* [What this task involves]
In your output, repeat each entry exactly and include no pictures.

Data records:
* * * * * * * * *
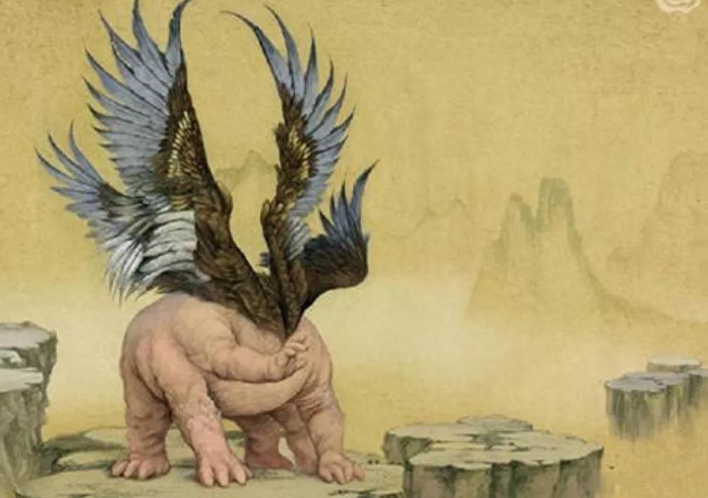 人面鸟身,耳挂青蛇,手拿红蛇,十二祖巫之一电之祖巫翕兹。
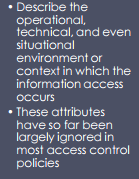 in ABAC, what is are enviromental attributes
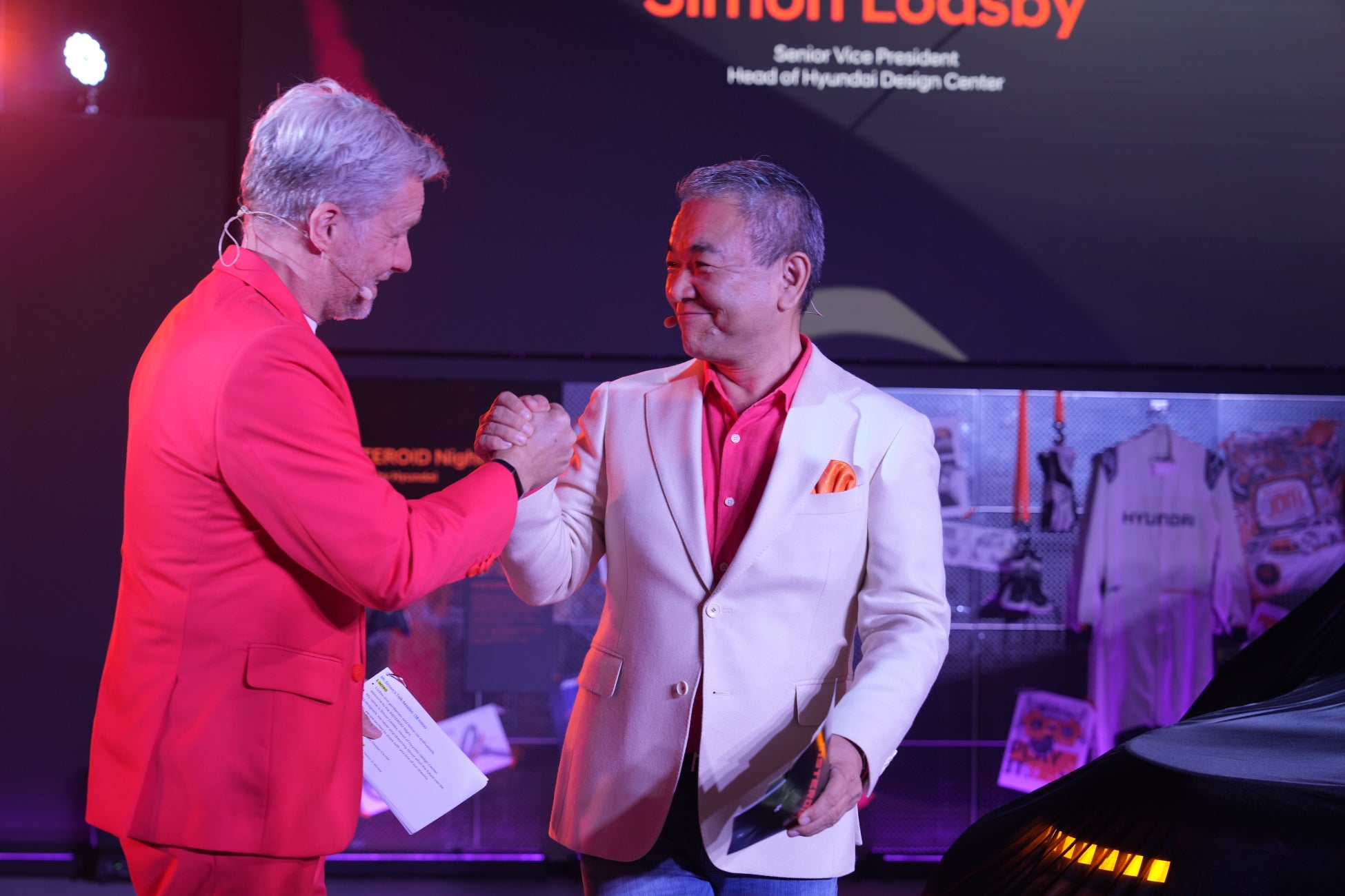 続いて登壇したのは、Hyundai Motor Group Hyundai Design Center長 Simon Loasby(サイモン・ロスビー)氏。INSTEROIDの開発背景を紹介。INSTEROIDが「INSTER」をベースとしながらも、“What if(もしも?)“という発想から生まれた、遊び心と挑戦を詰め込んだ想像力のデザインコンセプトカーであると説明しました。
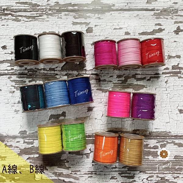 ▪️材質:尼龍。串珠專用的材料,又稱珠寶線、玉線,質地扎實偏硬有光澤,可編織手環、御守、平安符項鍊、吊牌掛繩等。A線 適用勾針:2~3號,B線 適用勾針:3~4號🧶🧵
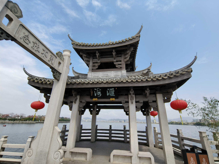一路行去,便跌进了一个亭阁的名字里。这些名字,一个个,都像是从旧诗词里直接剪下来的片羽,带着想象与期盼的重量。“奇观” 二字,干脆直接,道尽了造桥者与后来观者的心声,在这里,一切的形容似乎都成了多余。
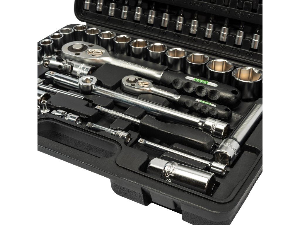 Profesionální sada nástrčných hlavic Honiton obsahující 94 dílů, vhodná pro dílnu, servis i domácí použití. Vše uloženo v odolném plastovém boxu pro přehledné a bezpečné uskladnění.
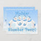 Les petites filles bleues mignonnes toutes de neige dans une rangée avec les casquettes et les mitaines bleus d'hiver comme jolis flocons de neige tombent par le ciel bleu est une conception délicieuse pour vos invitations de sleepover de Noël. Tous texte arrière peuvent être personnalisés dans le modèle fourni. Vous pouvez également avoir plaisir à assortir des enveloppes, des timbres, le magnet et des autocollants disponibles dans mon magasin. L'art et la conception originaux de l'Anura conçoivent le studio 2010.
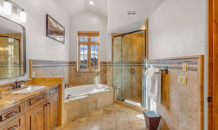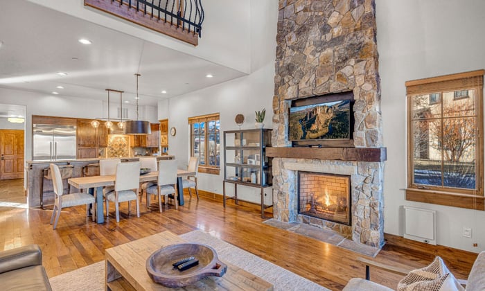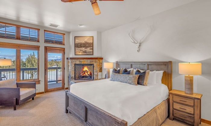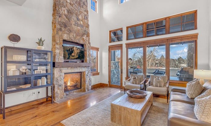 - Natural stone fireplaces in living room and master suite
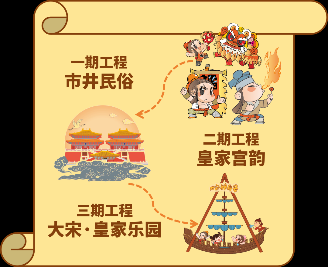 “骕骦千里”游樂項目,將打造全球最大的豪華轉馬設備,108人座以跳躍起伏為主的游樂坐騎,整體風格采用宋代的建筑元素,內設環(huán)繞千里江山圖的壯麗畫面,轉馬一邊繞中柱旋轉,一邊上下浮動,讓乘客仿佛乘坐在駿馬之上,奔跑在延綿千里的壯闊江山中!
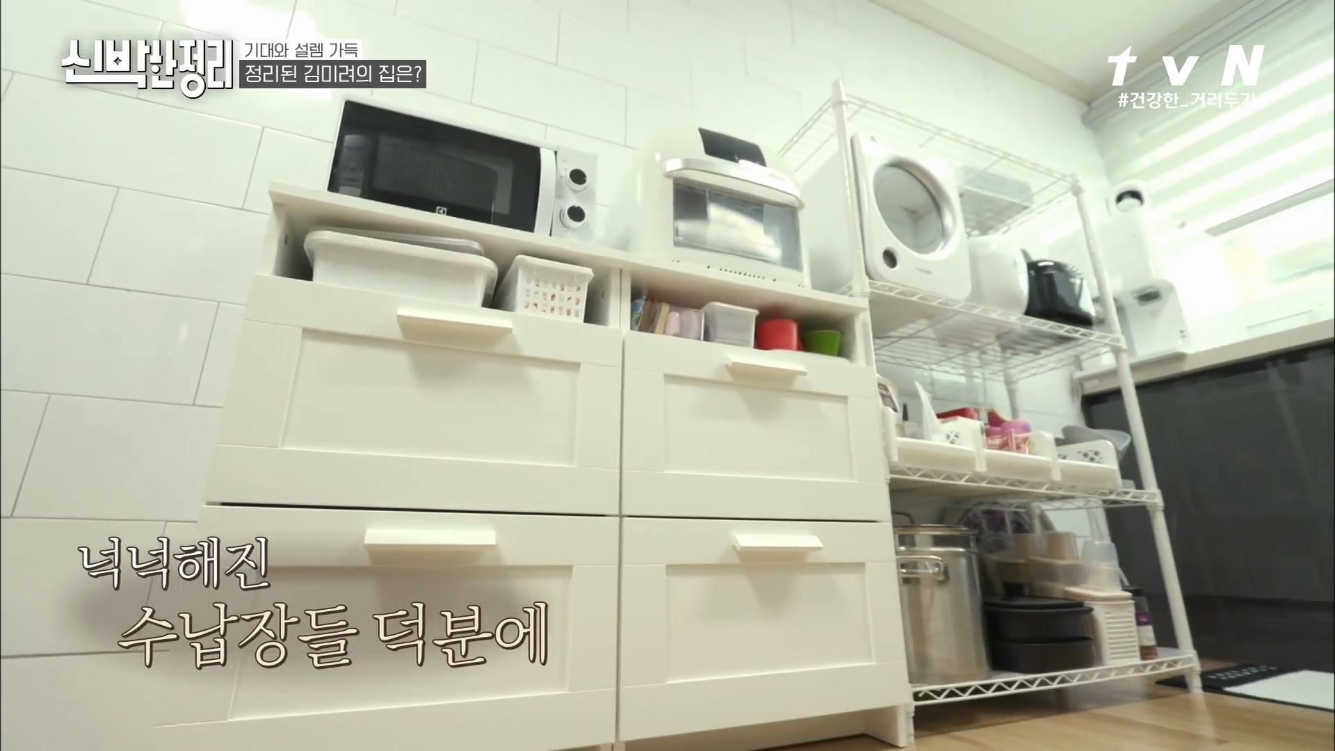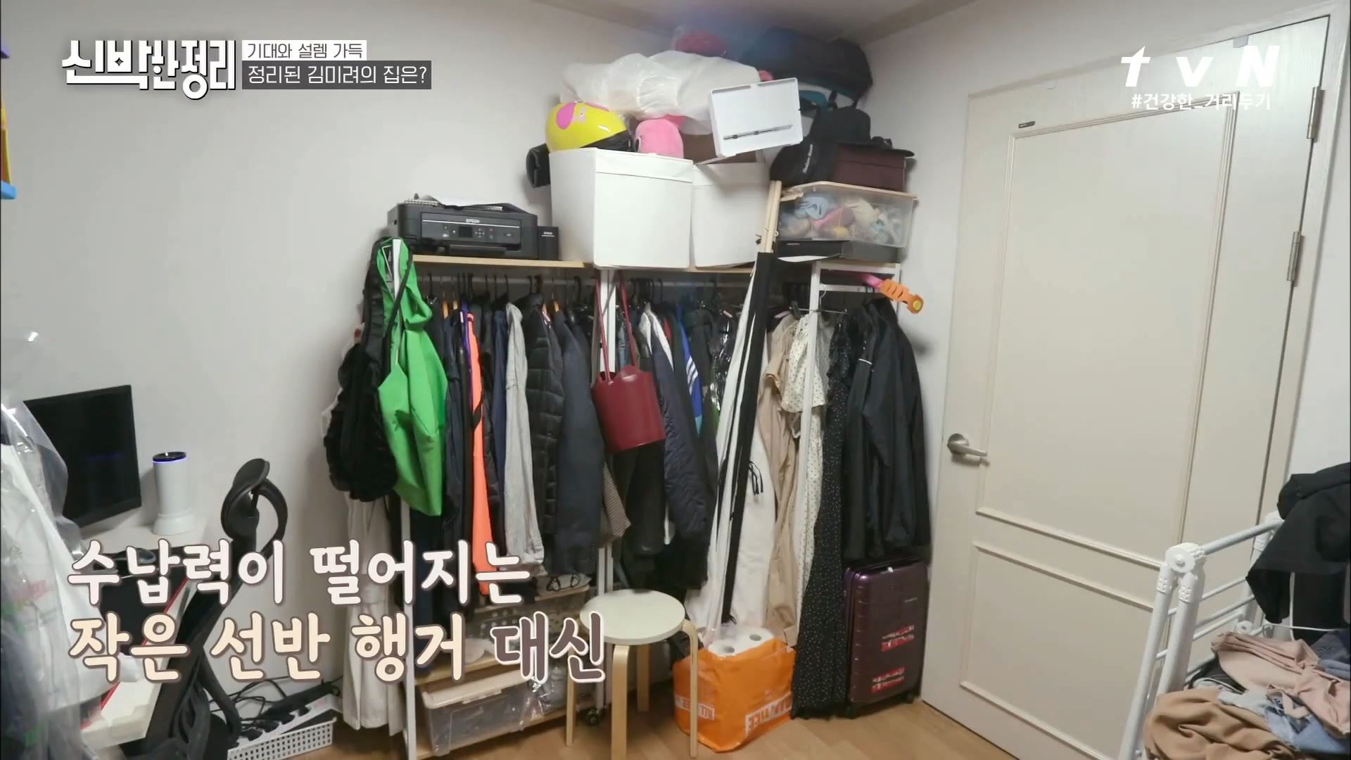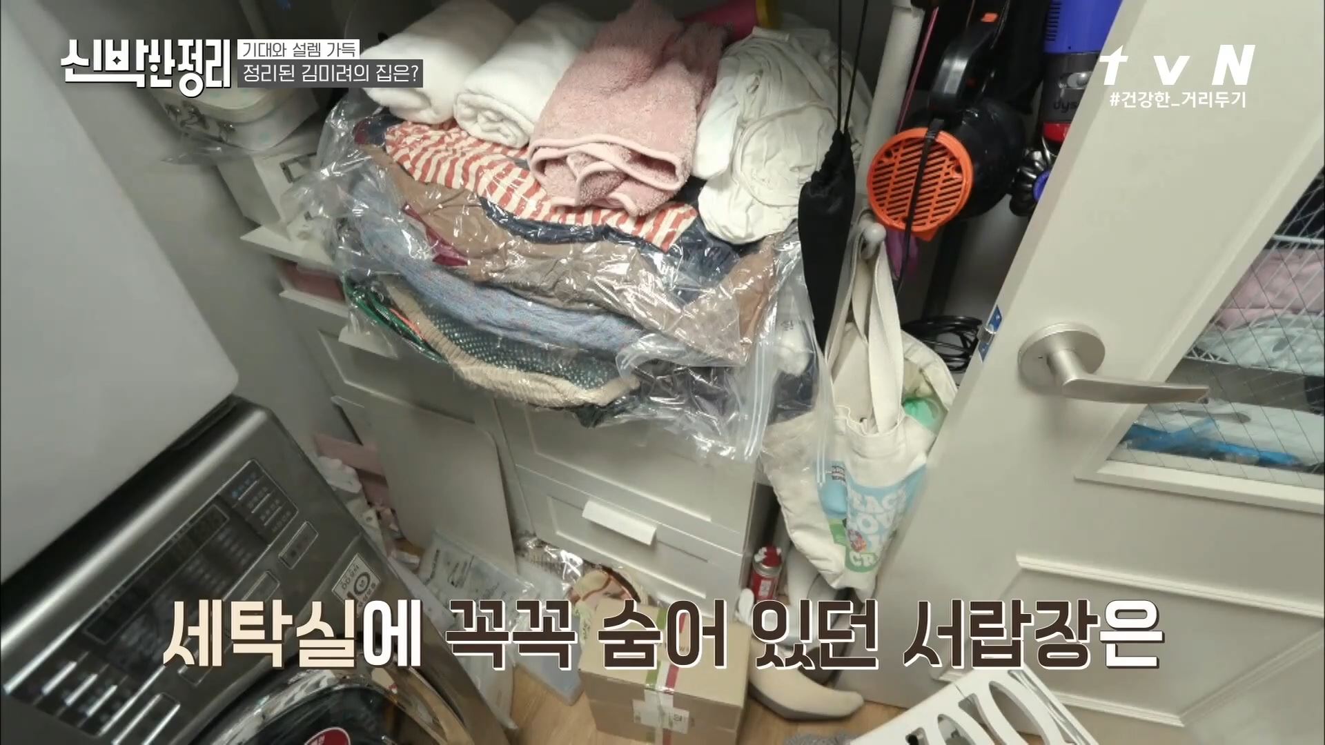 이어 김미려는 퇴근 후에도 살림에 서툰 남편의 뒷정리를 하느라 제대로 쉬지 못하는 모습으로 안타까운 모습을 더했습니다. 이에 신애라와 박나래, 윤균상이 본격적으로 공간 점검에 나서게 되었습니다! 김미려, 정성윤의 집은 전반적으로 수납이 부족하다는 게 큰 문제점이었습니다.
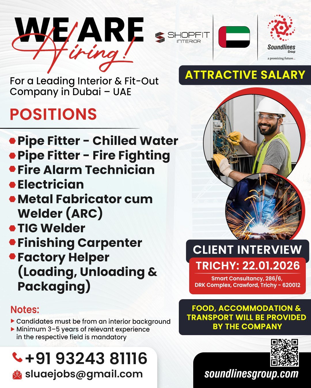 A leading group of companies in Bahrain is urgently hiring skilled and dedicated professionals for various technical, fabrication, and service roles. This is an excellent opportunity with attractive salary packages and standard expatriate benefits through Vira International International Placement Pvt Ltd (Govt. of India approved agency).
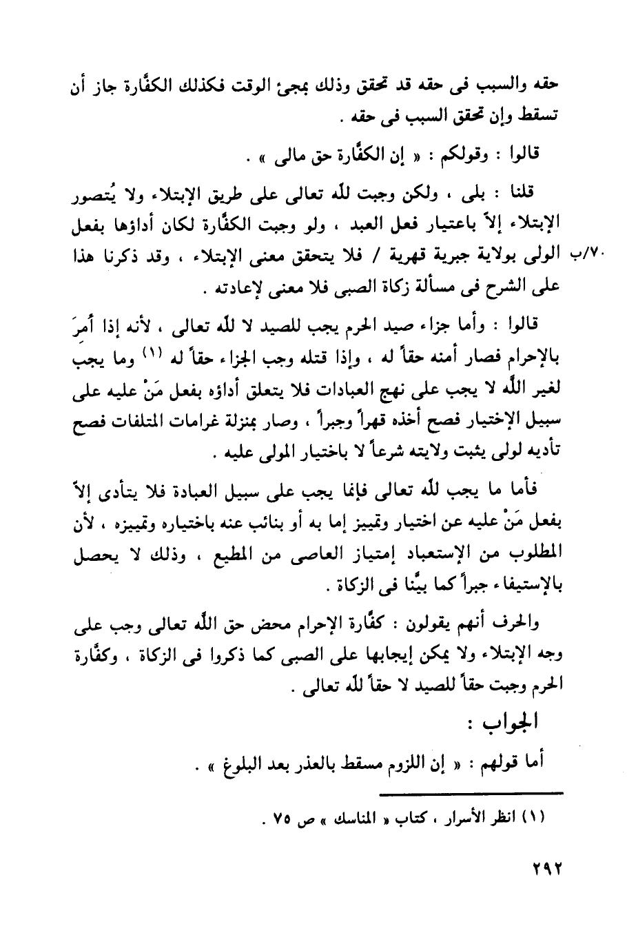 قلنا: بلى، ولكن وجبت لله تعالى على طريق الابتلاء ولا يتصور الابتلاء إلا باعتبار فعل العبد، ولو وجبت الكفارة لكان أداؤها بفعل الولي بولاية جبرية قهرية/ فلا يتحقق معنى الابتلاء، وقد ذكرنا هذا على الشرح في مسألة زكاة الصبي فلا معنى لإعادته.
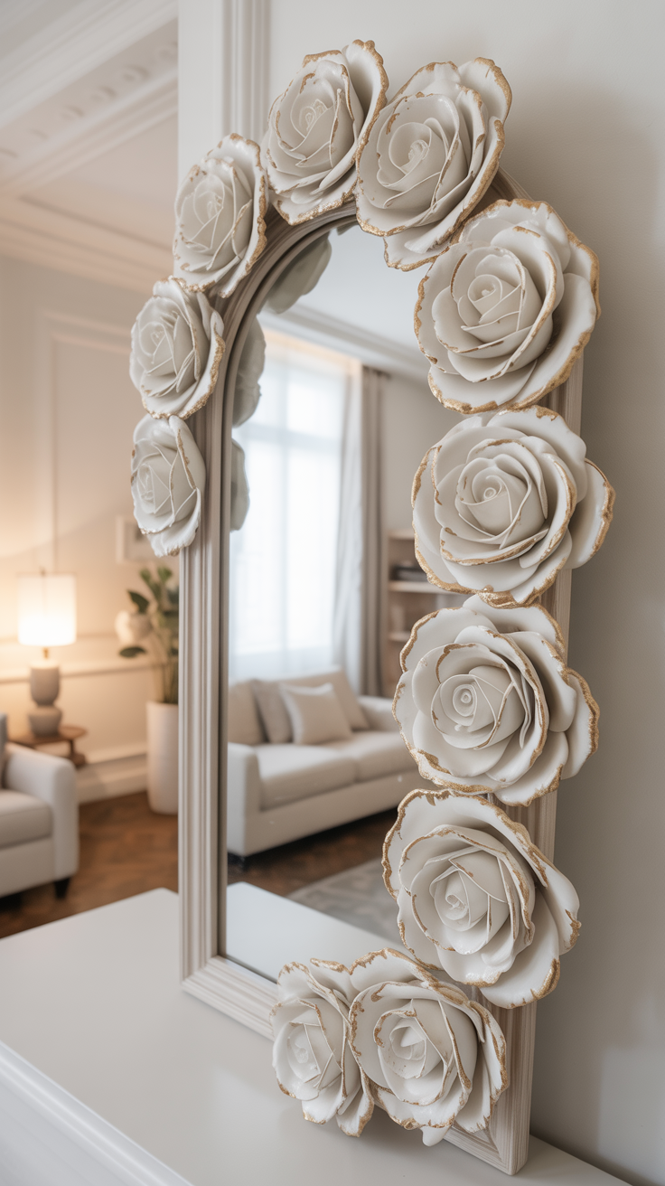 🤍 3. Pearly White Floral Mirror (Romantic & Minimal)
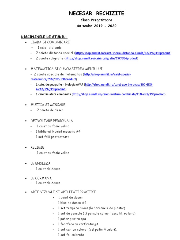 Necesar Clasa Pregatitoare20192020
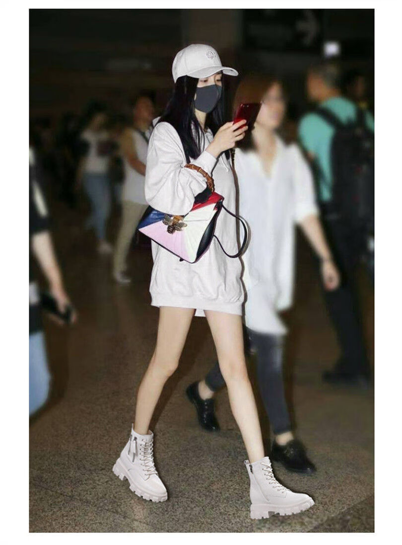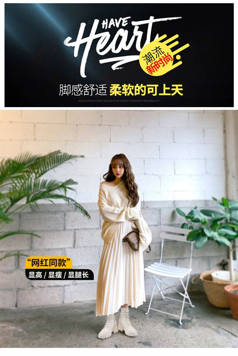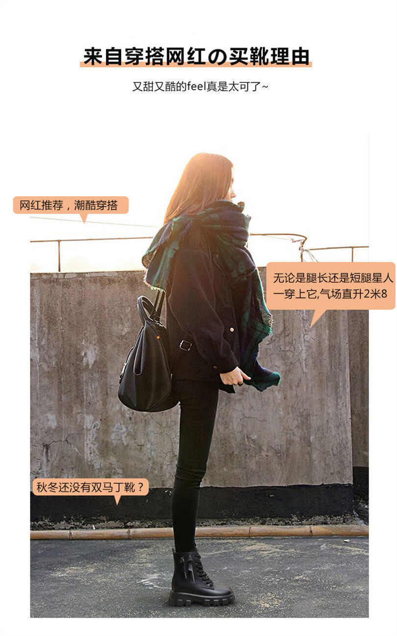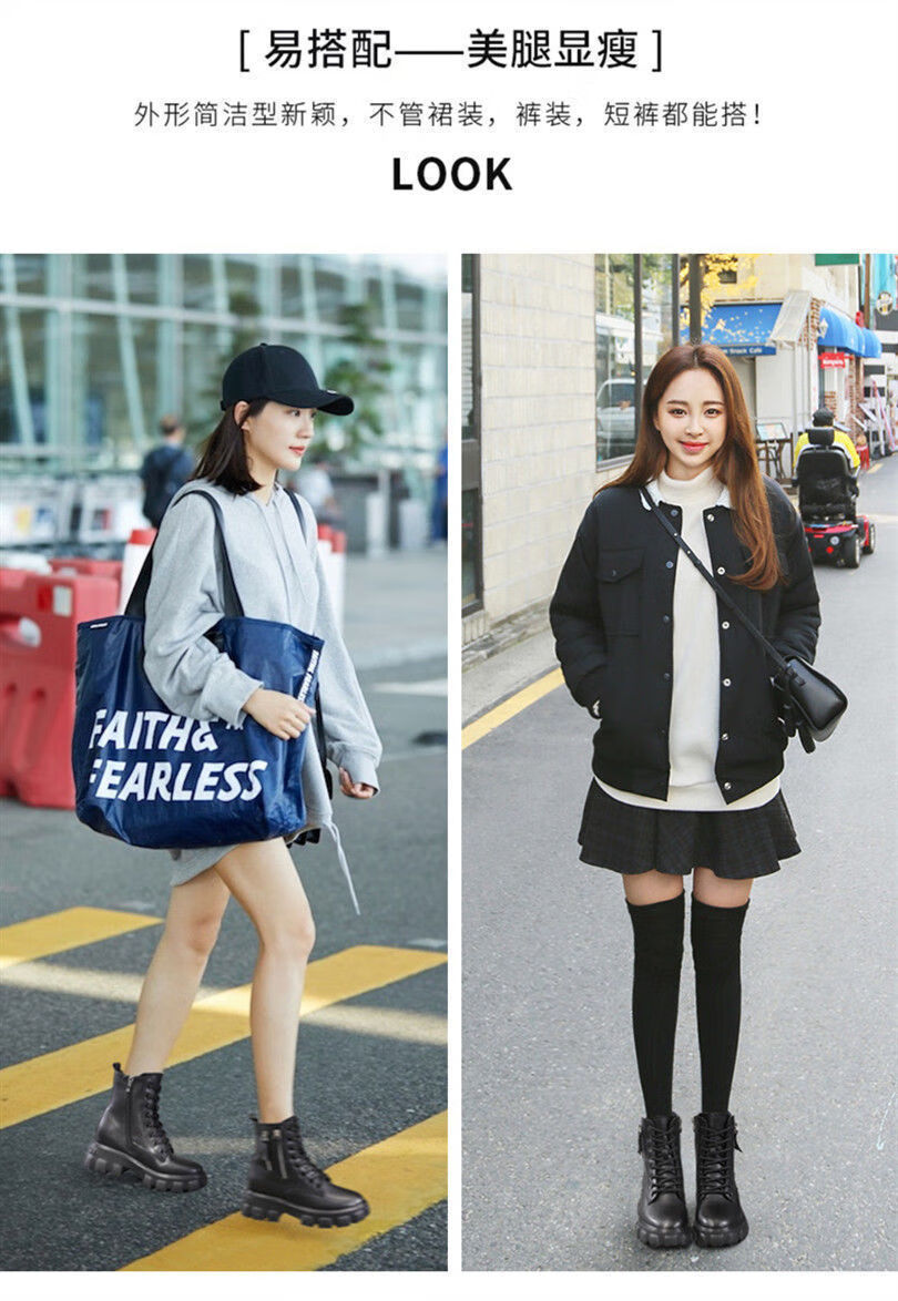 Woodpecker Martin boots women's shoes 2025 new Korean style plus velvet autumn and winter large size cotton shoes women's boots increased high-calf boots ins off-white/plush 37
* * * * * * * * *
* [Answer for this exercise]
 人面鸟身,耳挂青蛇,手拿红蛇,十二祖巫之一电之祖巫翕兹。
 in ABAC, what is are enviromental attributes
 続いて登壇したのは、Hyundai Motor Group Hyundai Design Center長 Simon Loasby(サイモン・ロスビー)氏。INSTEROIDの開発背景を紹介。INSTEROIDが「INSTER」をベースとしながらも、“What if(もしも?)“という発想から生まれた、遊び心と挑戦を詰め込んだ想像力のデザインコンセプトカーであると説明しました。
 ▪️材質:尼龍。串珠專用的材料,又稱珠寶線、玉線,質地扎實偏硬有光澤,可編織手環、御守、平安符項鍊、吊牌掛繩等。A線 適用勾針:2~3號,B線 適用勾針:3~4號🧶🧵
一路行去,便跌进了一个亭阁的名字里。这些名字,一个个,都像是从旧诗词里直接剪下来的片羽,带着想象与期盼的重量。“奇观” 二字,干脆直接,道尽了造桥者与后来观者的心声,在这里,一切的形容似乎都成了多余。
 Profesionální sada nástrčných hlavic Honiton obsahující 94 dílů, vhodná pro dílnu, servis i domácí použití. Vše uloženo v odolném plastovém boxu pro přehledné a bezpečné uskladnění.
 Les petites filles bleues mignonnes toutes de neige dans une rangée avec les casquettes et les mitaines bleus d'hiver comme jolis flocons de neige tombent par le ciel bleu est une conception délicieuse pour vos invitations de sleepover de Noël. Tous texte arrière peuvent être personnalisés dans le modèle fourni. Vous pouvez également avoir plaisir à assortir des enveloppes, des timbres, le magnet et des autocollants disponibles dans mon magasin. L'art et la conception originaux de l'Anura conçoivent le studio 2010.
 - Natural stone fireplaces in living room and master suite
 “骕骦千里”游樂項目,將打造全球最大的豪華轉馬設備,108人座以跳躍起伏為主的游樂坐騎,整體風格采用宋代的建筑元素,內設環(huán)繞千里江山圖的壯麗畫面,轉馬一邊繞中柱旋轉,一邊上下浮動,讓乘客仿佛乘坐在駿馬之上,奔跑在延綿千里的壯闊江山中!
 이어 김미려는 퇴근 후에도 살림에 서툰 남편의 뒷정리를 하느라 제대로 쉬지 못하는 모습으로 안타까운 모습을 더했습니다. 이에 신애라와 박나래, 윤균상이 본격적으로 공간 점검에 나서게 되었습니다! 김미려, 정성윤의 집은 전반적으로 수납이 부족하다는 게 큰 문제점이었습니다.
 A leading group of companies in Bahrain is urgently hiring skilled and dedicated professionals for various technical, fabrication, and service roles. This is an excellent opportunity with attractive salary packages and standard expatriate benefits through Vira International International Placement Pvt Ltd (Govt. of India approved agency).
 قلنا: بلى، ولكن وجبت لله تعالى على طريق الابتلاء ولا يتصور الابتلاء إلا باعتبار فعل العبد، ولو وجبت الكفارة لكان أداؤها بفعل الولي بولاية جبرية قهرية/ فلا يتحقق معنى الابتلاء، وقد ذكرنا هذا على الشرح في مسألة زكاة الصبي فلا معنى لإعادته.
 🤍 3. Pearly White Floral Mirror (Romantic & Minimal)
 Necesar Clasa Pregatitoare20192020
 Woodpecker Martin boots women's shoes 2025 new Korean style plus velvet autumn and winter large size cotton shoes women's boots increased high-calf boots ins off-white/plush 37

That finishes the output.